5. The buyer's claims for payment against his customers from a resale of the goods subject to retention of title as well as those claims of the buyer regarding the goods subject to retention of title which arise for any other legal reason against his customers or third parties (in particular claims from tort and claims for insurance benefits) shall be assigned to us in full by the buyer already now by way of security. We accept this assignment.

The buyer may collect these claims assigned to us for his own account in his own name as long as we do not revoke this authorization. Our right to collect these claims ourselves shall not be affected thereby; however, we shall not assert the claims ourselves and shall not revoke the authorization to collect as long as the buyer duly meets his payment obligations. 
However, if the buyer behaves in breach of contract - in particular if he is in default with the payment of a claim for payment - we may demand that the buyer informs us of the assigned claims and the respective debtors, notifies the respective debtors of the assignment and hands over all documents to us as well as provides all information which we require to assert the claim. The buyer may also not assign these claims in order to have them collected by way of factoring, unless he irrevocably obliges the factor to effect the counter-performance directly to us for as long as we still have claims against the buyer.

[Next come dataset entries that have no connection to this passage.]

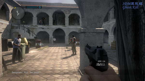 下楼后一直杀到院子中间,这里可以看到很多武器,在地上捡一把重机枪开始屠杀, 院子里的杀光后又会有一群坐汽车来的,全部杀光后回到武器堆这里过关。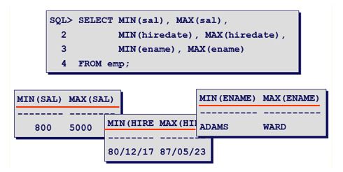 MIN(sal), MAX(sal) 은 최저 월급과 최고 월급을 나타내고, hiredate는 가장 오래된 입사일과 최근의 입사일을, Caracter type도 알파벳 순으로 최저 값과 최고 값을 나타내고 있다.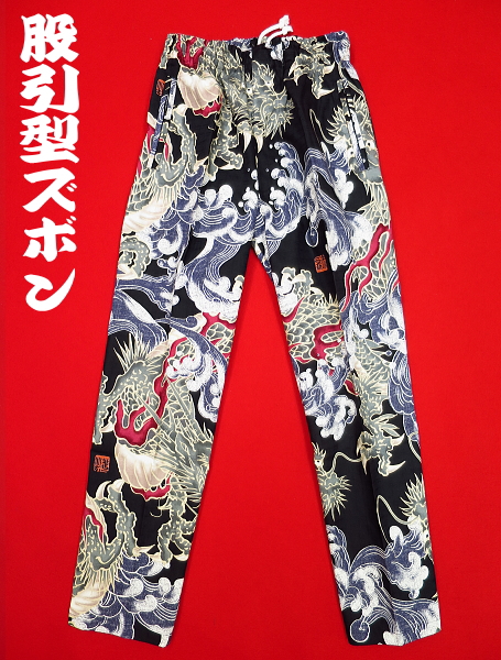 szubonn-099 大荒波に龍 (黒赤)股引き型ズボン 綿100%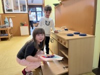 Sabina nam je napisala in uglasbila čudovito pesmico Miške pečejo potičke. Otroci so jo v pričakovanju praznikov peli vsak dan bolj pogumno in glasno.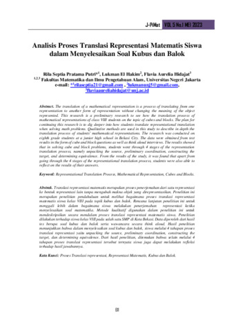 Rila, Septia Pratama Putri and Lukman, El Hakim and Flavia, Aurelia Hidajat (2023) Analisis proses translasi representasi matematis siswa dalam menyelesaikan soal kubus dan balok. Jurnal Pendidikan Matematika (J-PiMat), 5 (1): 2. pp. 611-622. ISSN 2684-7981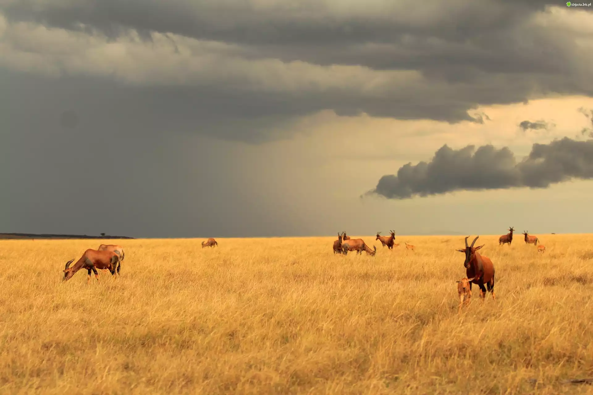 Zdjęcie, Antylopy, Sawanna, Chmury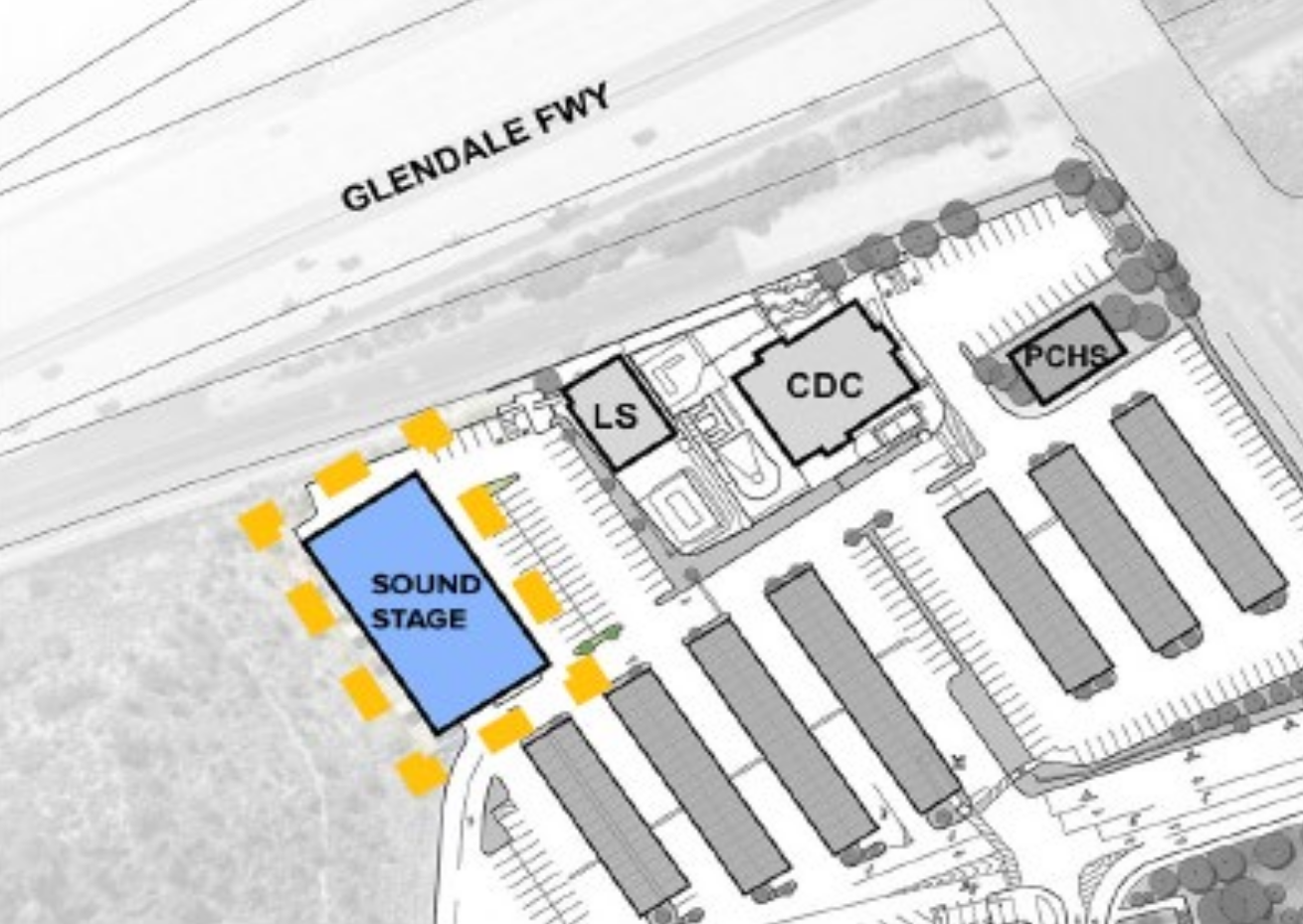 The construction of the IBCC will necessitate the demolition of the existing Sierra Nevada building. To avoid the need for swing space and to further enhance the Arts program, a new sound stage facility will be constructed in Lot B near the Child Development Center and Life Skills Building.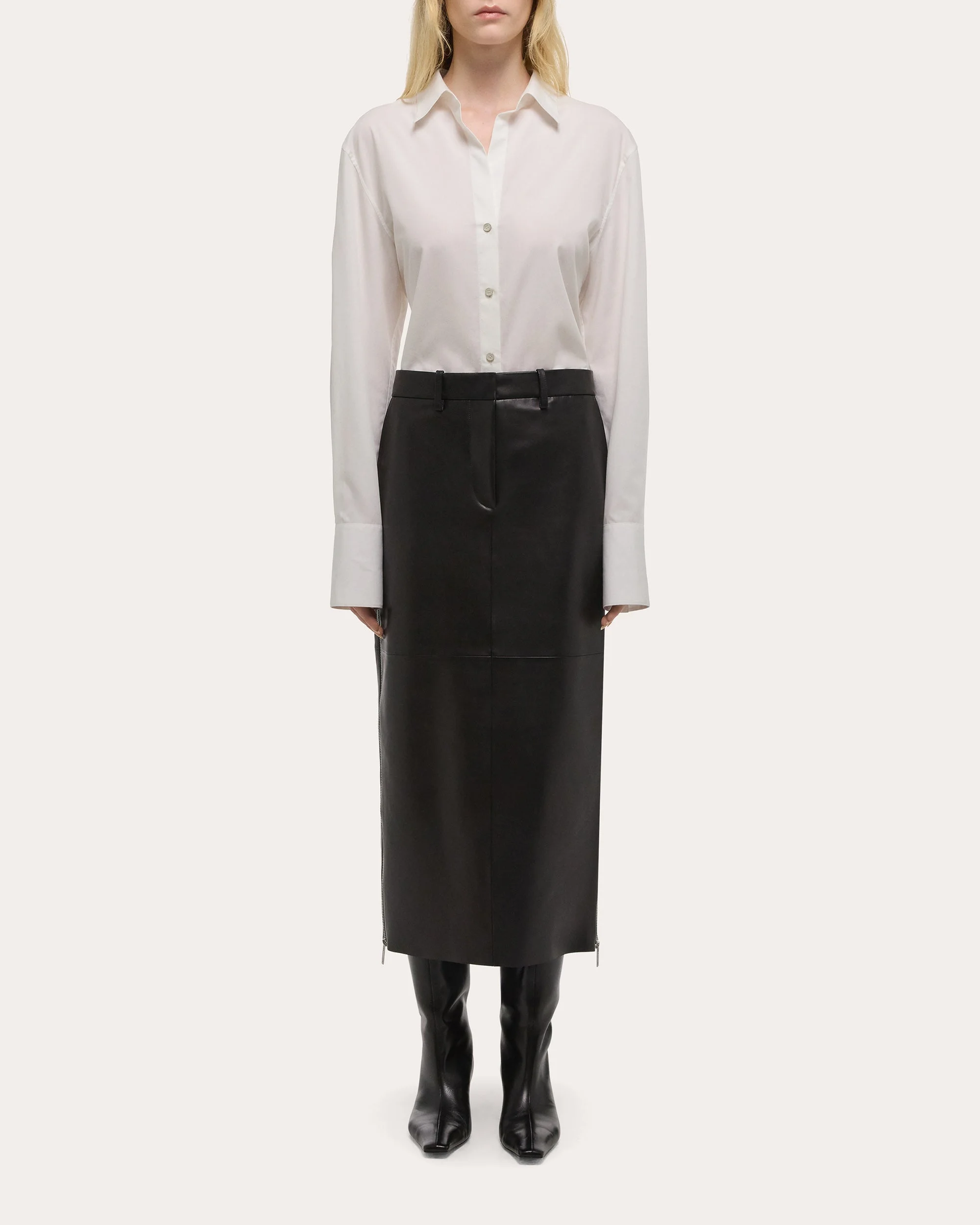 Crafted from genuine jersey-bonded leather, this Helmut Lang midi skirt features functional zippers along the outseams for a custom slit height. The mid-rise silhouette's belt loops and welt pockets reflect traditional trouser styling. Designer color: black Zip-fly and hook bar closure Mid-rise waist Side and back pockets Side zip hem details Jersey bonded 100% lamb leather Professional leather clean Made in India Size & Fit Model (wearing size US 2): 5ft 11in tall Fits true to size Please note, below measurements reflect Helmut Lang's size chart, not the actual garment. Size US 0: 31.5in bust, 25in waist, 35in hips Size US 2: 32.5in bust, 26in waist, 36in hips Size US 4: 33.5in bust, 27in waist, 37in hips Size US 6: 34.5in bust, 28in waist, 38in hips Size US 8: 35.5in bust, 29in waist, 39in hips Size US 10: 36.5in bust, 30in waist, 40in hips Size US 12: 38in bust, 31.5in waist, 41.5in hips
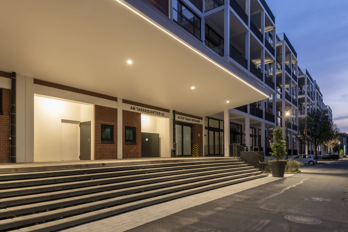 Aufgabe Ca. 3800 m² Verglasungsarbeiten an Stahlfassade. Ca. 500 m² vertikaler Al-PR-Fassadenstreifen inkl. Verglasung. Ca. 300 m² opak verglaste AL-PR-Kaltfassade.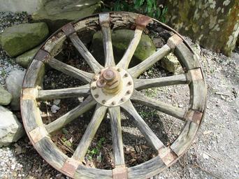 Keywords: wagon wheel wood iron companions wooden wheel means of transport antique

6. Any processing or transformation of the goods subject to retention of title by the buyer shall always be carried out on our behalf. If the goods subject to retention of title are processed with other items that do not belong to us, we shall acquire co-ownership of the new item in the ratio of the value of the goods subject to retention of title (final invoice amount plus any applicable statutory VAT) to the other processed items at the time of processing. In all other respects, the same shall apply to the new item created by processing as to the goods subject to retention of title. If the goods subject to retention of title are inseparably combined or mixed with other items not belonging to us, we shall acquire co-ownership of the new item in the ratio of the value of the goods subject to retention of title (final invoice amount plus any applicable statutory VAT) to the other combined or mixed items at the time of combination or mixing. If the goods subject to retention of title are combined or mixed in such a way that the buyer's item is to be regarded as the main item, the buyer and we agree already now that the buyer shall transfer co-ownership of this item to us on a pro rata basis. We accept this transfer. The buyer shall keep the sole ownership or co-ownership of an item thus created in safe custody for us free of charge.

7. In the event of seizure of the goods subject to retention of title by third parties or in the event of other interventions by third parties, the buyer must point out our ownership and must inform us immediately in writing so that we can enforce our ownership rights. If the third party is not able to reimburse the judicial or extrajudicial costs incurred by us in this 
connection, the buyer shall be liable for these.

8. If the buyer so requests, we are obliged to release the securities to which we are entitled to the extent that their realizable value exceeds the value of our outstanding claims against the buyer by more than 10%. However, we may select the securities to be released.

9. Insofar as the law in whose area the goods are located does not permit retention of title, § 14 paragraph 1 sentence 2 to 4 of these General Terms and Conditions of Sale and Delivery shall apply.

§ 7 Claims for defects of the buyer

1. The statutory provisions shall apply to the rights of the buyer in the event of material defects and defects of title (including wrong delivery and short delivery as well as improper assembly or defective assembly instructions), unless otherwise stipulated in the following.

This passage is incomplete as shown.